Department of Education

Department overview
- Formed: 18 September 2013
- Preceding Department: Department of Education, Employment and Workplace Relations;
- Dissolved: 23 December 2014
- Superseding Department: Department of Education and Training (Australia);
- Jurisdiction: Commonwealth of Australia
- Headquarters: Canberra
- Ministers responsible: Christopher Pyne, Minister for Education; Simon Birmingham, Assistant Minister for Education; Scott Ryan, Parliamentary Secretary to the Minister for Education;
- Department executive: Lisa Paul, Secretary;
- Child Department: Shared Services Centre;
- Website: www.education.gov.au

Footnotes

= Department of Education (Australia, 2013–14) =

Australian government department, 2013–2014

The Australian Department of Education was a department of the Australian Government charged with the responsibility for national policies and programs to help Australians access quality and affordable childcare; early childhood education, school education, post-school, higher education, international education and academic research.

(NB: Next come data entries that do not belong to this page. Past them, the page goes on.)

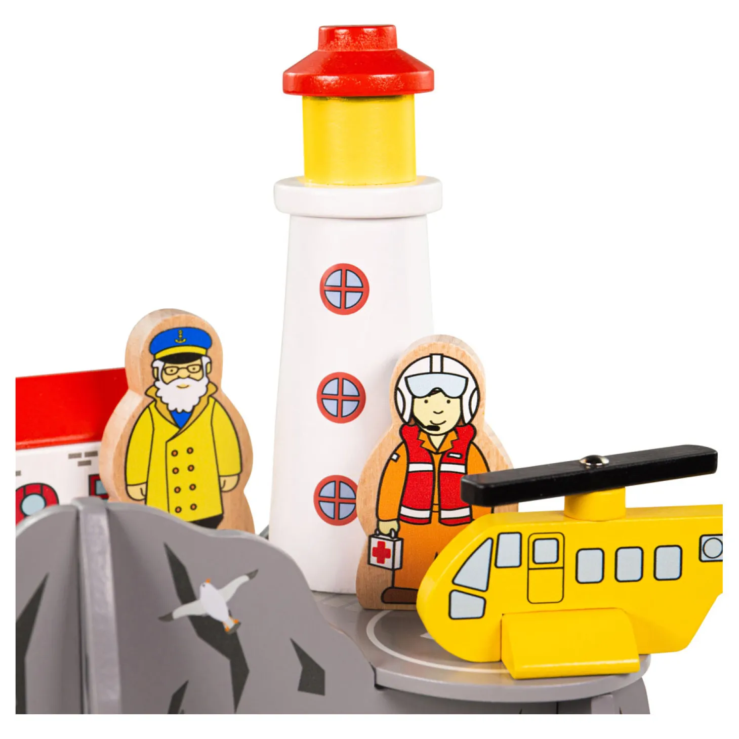 Voeg de vuurtoren toe als uitbreiding aan je houten treinbaan. Laat de speelgoedtrein onder de vuurtoren doorrijden om veilig naar de andere kant te gaan. Liefhebbers van minitreinen kunnen hun eigen zoek- en reddingsmissie op zee opzetten met de helikopter en het houten spoorwegnet om te helpen.
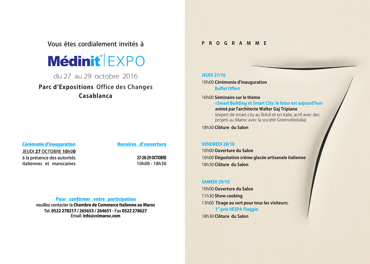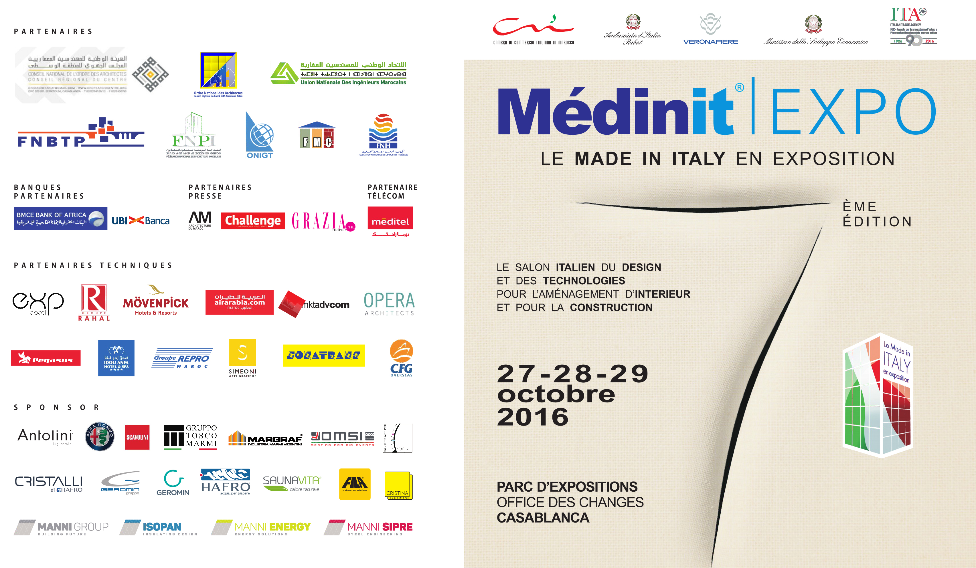 Organisé par la Foire de Vérone avec le patronage de l’Ambassade d’Italie, en collaboration avec la Chambre de Commerce Italienne au Maroc et ICE-Agence Italienne pour le Commerce Extérieur, et en partenariat avec les Conseils Régionaux des Architectes du Centre et de Rabat, la Fédération Nationale du BTP, la Fédération Nationale des Promoteurs Immobiliers, la Fédération des Industries de Matériaux de Construction, l’Ordre National des Ingénieurs Géomètres Topographes, l’Union Nationale des Ingénieurs Marocains, la Fédération de l’Industrie Hôtelière et BMCE Bank, MEDINIT EXPO se propose comme une vraie plateforme de collaboration italo-marocaine pour travailler ensemble dans toute l’Afrique.
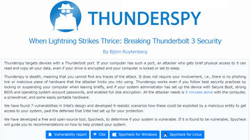 Thunderboltに数分でハッキング完了可能な脆弱性。2011年以降のPCが対象
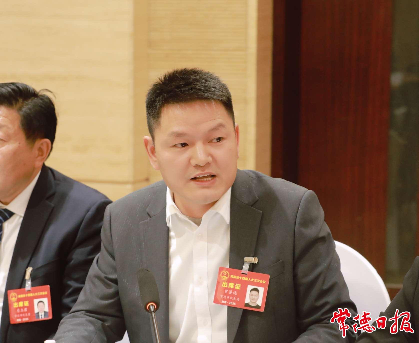 罗毅君代表说,毛伟明省长所作的政府工作报告,站位高远、维护核心,成绩亮眼、提振信心,措施务实、彰显决心,民本情怀、温暖人心,既对标中央精神,又紧贴湖南实际,让人倍感振奋、倍受鼓舞、倍增信心,完全赞同。常德将认真贯彻政府工作报告要求,坚决落实沈晓明书记和毛伟明省长调研常德的讲话和指示要求,锚定“三个高地”、推进“二次创业”,加快推动高质量发展,为奋力谱写中国式现代化湖南篇章作出更大贡献。一是在稳定经济增长上聚焦发力,坚决扛牢“经济大市挑大梁”的责任担当;二是在培强现代产业上聚焦发力,加快构建“4+3”现代化产业体系;三是在深化改革上聚焦发力,形成更多可复制、可推广的“常德经验”;四是在维护大局稳定上聚焦发力,以高水平安全保障高质量发展;五是在全面从严治党上聚焦发力,推动党风政风持续向好。
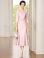 A-linje Kjole til brudens mor Formell Elegant V-hals Ankellengde Sateng Polyester 3/4 ermer med Ensfarget
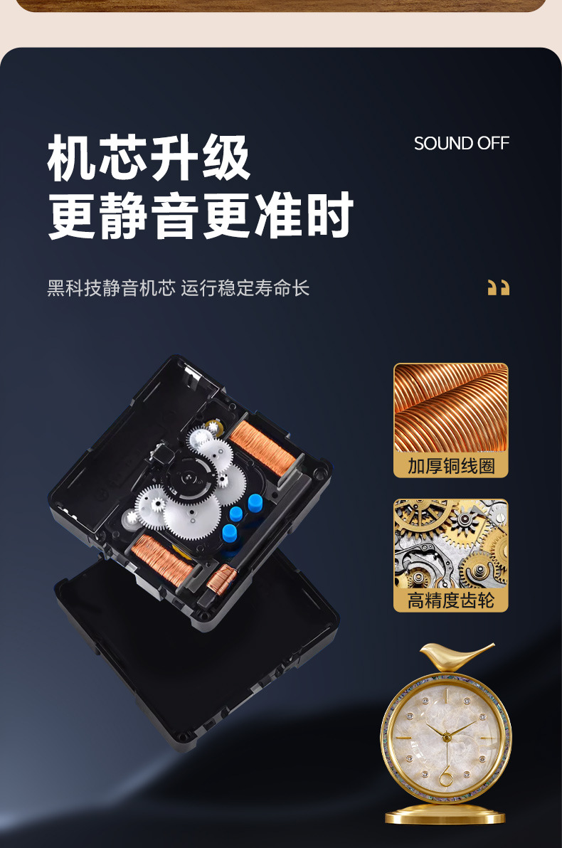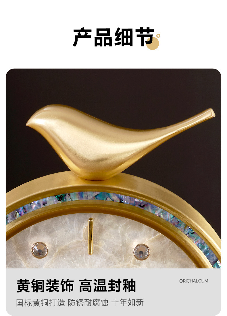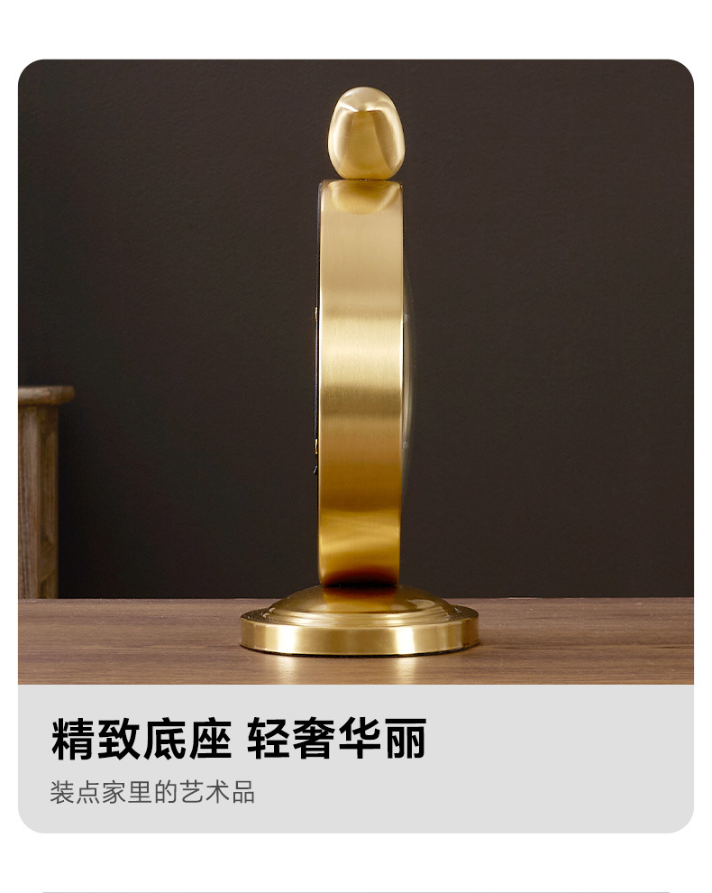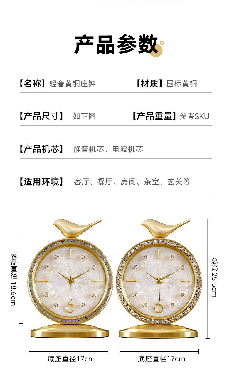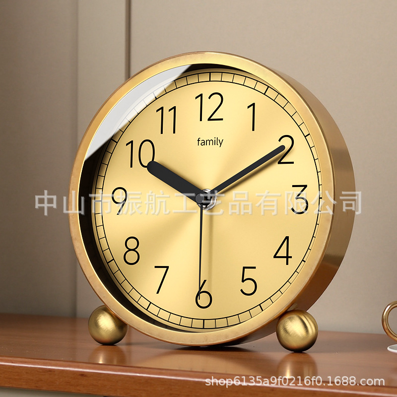 黄铜简约座钟家用台式坐钟静音桌面钟时尚台面床头石英电波表
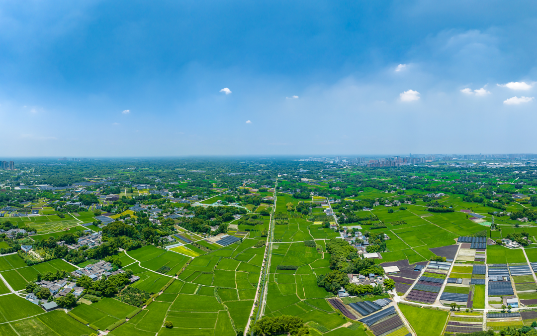 “炊烟在新建的住房上飘荡,小河在美丽的村庄旁流淌,一片冬麦,那个一片高粱,十里哟荷塘,十里果香……”当耳熟能详的歌词在耳边响起时,脑海里总能浮现出万春镇幸福村田园与山峦相望、流水与林盘相依的大美乡村画卷。
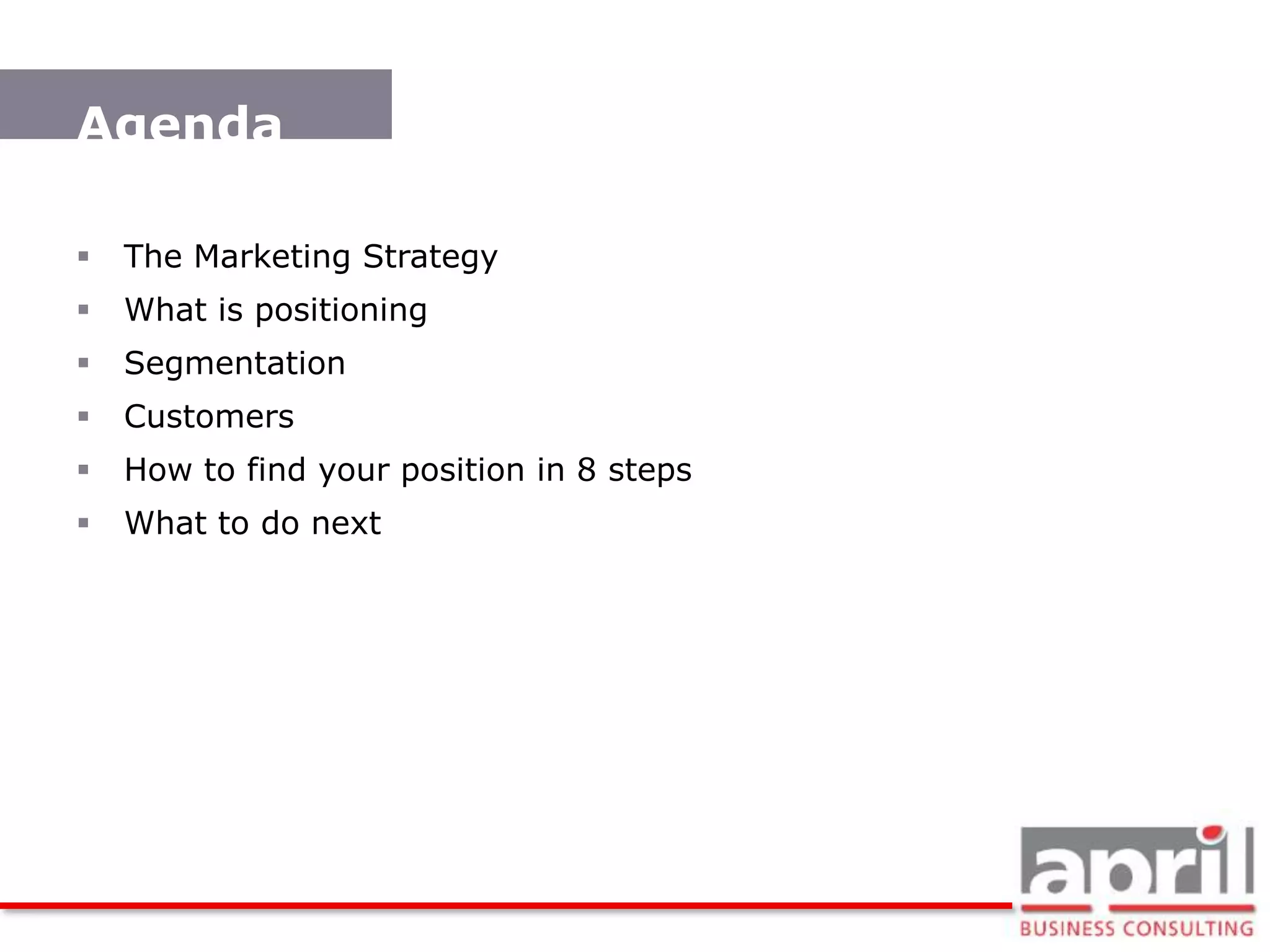 This document discusses positioning and marketing strategy. It defines positioning as the perceptual location of a product or service in the marketplace. Effective positioning puts a product first in the minds of customers within a targeted market segment. The document outlines an 8-step process for determining a company's position, which includes defining the target customer, their requirements, how the company measures up to competitors, and drafting a positioning statement. It stresses that positioning is about how a product or service is perceived by potential customers and should be based on providing the benefits most important to the target segment.

The head of the department was the Secretary of the Department of Education, Lisa Paul , who reported to the Minister for Education, the Hon Christopher Pyne , the Assistant Minister for Education, the Hon Sussan Ley , and the Parliamentary Secretary to the Minister for Education, Senator the Hon Scott Ryan.

==History==
The department was formed by way of an Administrative Arrangements Order issued on 18 September 2013 and replaced the functions previously performed by the Department of Education, Employment and Workplace Relations (DEEWR). DEEWR was formed in 2007 and absorbed the former Department of Education, Science and Training and the former Department of Employment and Workplace Relations.

The department was dissolved by way of an Administrative Arrangements Order issued on 23 December 2014 and superseded by the Department of Education and Training.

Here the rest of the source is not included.